Hah, a little misunderstanding. This was so much more than a little, but there was no way that Elle could tell Julie everything that had happened even though she desperately wished she could.
“Okay, I will call you later once we’re in Arkansas. I promise that I will keep in touch.” Elle said before giving her goodbyes to Julie and hanging up the phone before she fell onto her back on the bed breathing hard.
“Well, at least that’s one crisis averted,” Elle said as she gave Danita her phone back, feeling Marik’s broad palm gently caress the small of her back as she sat up once more and caught herself exhale for the first time since she read Julie’s emails.
CHAPTER SEVEN
It was seventy-two degrees and sunny when the Delta flight touched down at Memphis International Airport, and Elle retrieved Gregory from his kennel, he was not pleased and got them a rental car.
“Why is it so hot?” Gallen asked, shrugging out of his jacket before climbing into the passenger side of the Cadillac Escalade.
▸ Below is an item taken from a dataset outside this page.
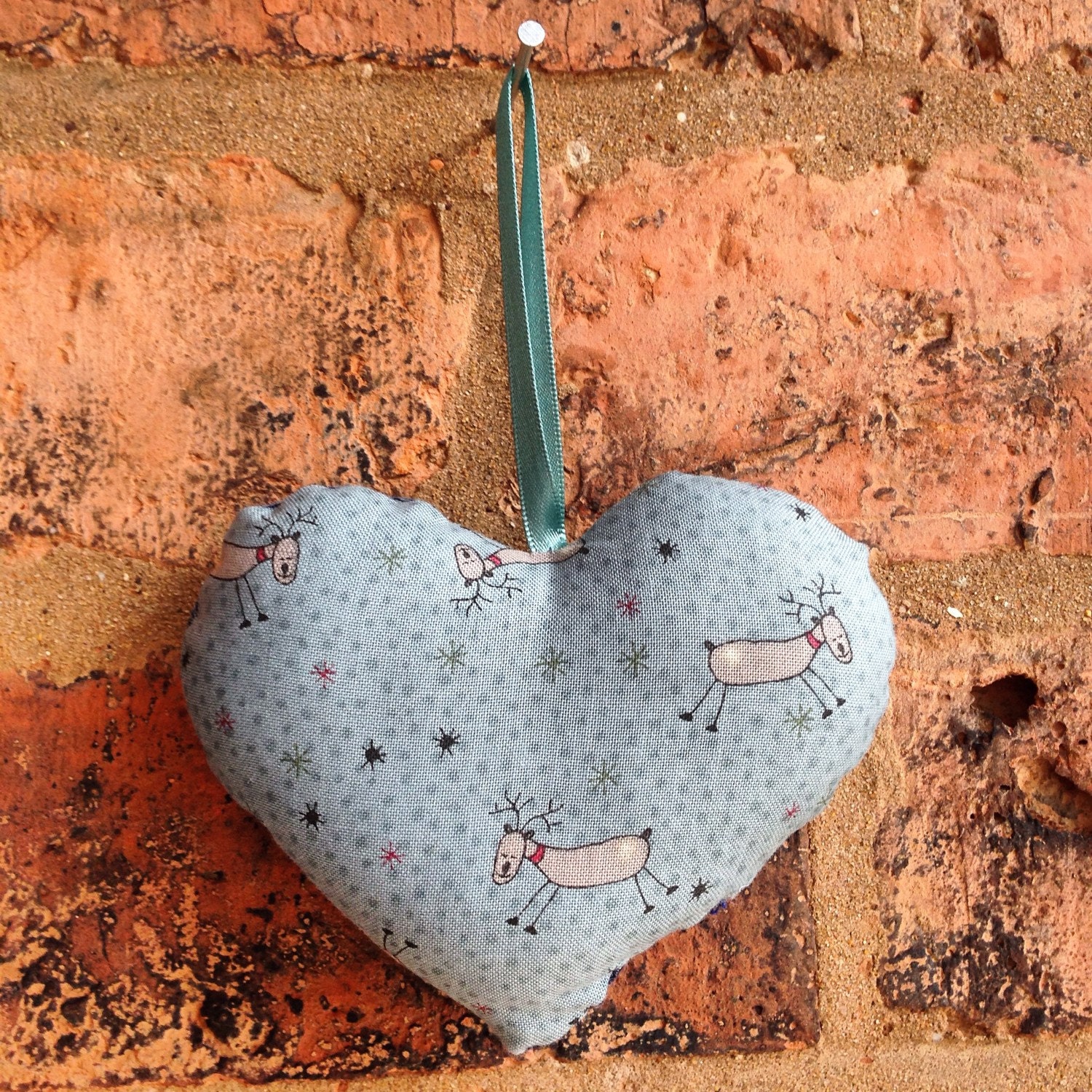 made easy by Etsy Store IndigoArtisansblue jeans, recycled denim, fun Xmas decor, indigo artisans, handmade heart, Xmas tree bauble, Christmas decoration, cute reindeer print, cute hanging heart, blue hanging heart, vintage denim heart, British made cool

Elle couldn’t stop herself from laughing softly as she cranked the A/C up on high.
“When I was little, my grandma used to say, ‘If you don’t like the weather, wait five minutes,’ because honestly? By tomorrow it could be in the fifties. It doesn’t really begin to get cold here until about mid-December. Our winters are considered mild compared to up north.” Elle explained with a smile.
From Memphis Tennessee to West Memphis Arkansas it was a fifteen-minute drive over the Dolly Parton bridge, and Proctor was only a short distance from there.
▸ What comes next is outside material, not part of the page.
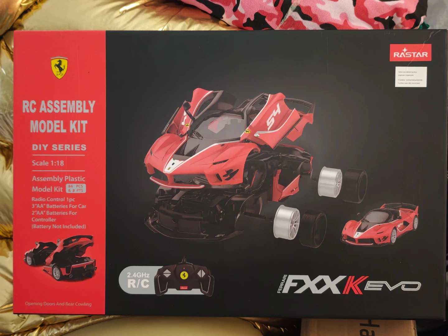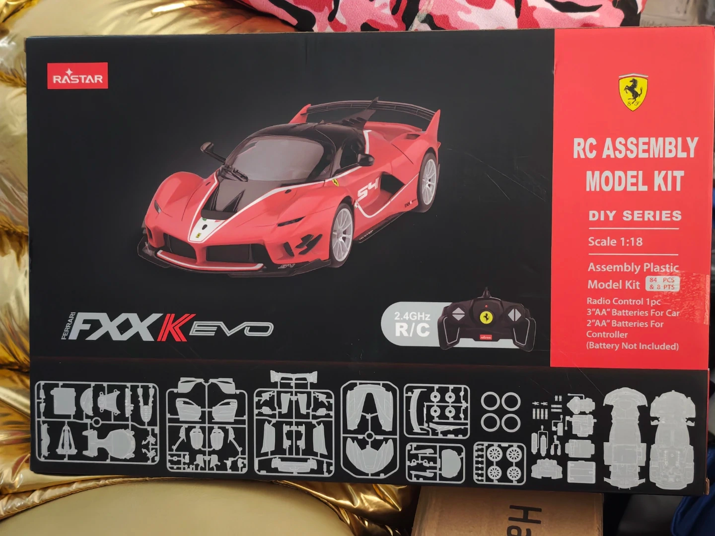 Selling a brand new Rastar Ferrari FXX K EVO RC Assembly Model Kit! It's a DIY series model with a scale of 1:18. The assembly plastic model kit includes 84 pieces. It requires 3 'AA' batteries for the car and 2 'AA' batteries for the controller (batteries not included).

Elle found herself traversing those old roads from memory as if she never left them and in another fifteen minutes she was parking the Escalade in front of her childhood home, the house looked exactly like she’d left it a year and a half ago. Seeing it now she didn’t know why she ever wanted to go, but fate or the universe or God, whatever you wanted to call it, it had a way of taking you where you needed to be when you needed to be there.
Shutting off the engine Elle watched as Gallen peered up at the house through the windshield.
I’m sure some things need to be repaired, but I left the water and power on, my neighbors also helped me with hiring people to take care of the yard and things like that.” She told Gallen as she pushed the driver's side door open and hopped out bringing in a lung full of warm air.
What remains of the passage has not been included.